I have never smoked a thing in my life other than using a smoke box in my Weber gas grill (and we know that ain't _real_ smoking). That said, I though it was time for a modification...even though I have never actually used this unit in practice! WTF am I doing????

What I did was to disassemble the entire chiploader, supporter, and chip tray unit in order to see if I could remove the "standoff tray, (ST)" if I would need to in the future.

Well I removed the entire unit via the 2 screws that held the thing up against the right wall of the unit. Then I removed the 2 left-sided set screws that held the ST in the unit and saw that the _right side_ of the ST had 2 rivets instead of the set screws. I removed these rivets because as long as one set of fasteners are in place, that ST ain't going nowhere, no-how.

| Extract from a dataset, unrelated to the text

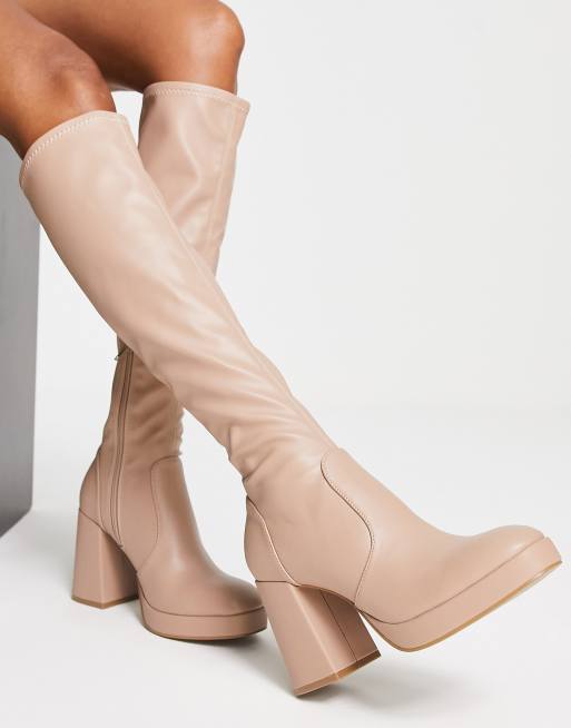 Schuh Della second skin heeled knee boots in stone ASOS Very well made.

I placed the chip tray in the now dismembered unit and it fits and sits great WITH/ON the bottom of the assembly flanges perhaps 2mm from the heating element.

I will now have the ability to have it both ways as well as having the ability of quickly removing JUST the ST (yes, during a smoke) if I run into a no-smoke issue this first go-round with the ST where it was designed to sit.

I have a feeling that this mod will not be needed with some load in there as well as water as Ron so astutely postulated, but I felt this would be a prudent mod..._just in case_.

The way this ST has been originally screwed in (not really aligned with the flange it is supposed to sit on), there is nearly *1/3 inch* of space between the element and the bottom of the chip tray.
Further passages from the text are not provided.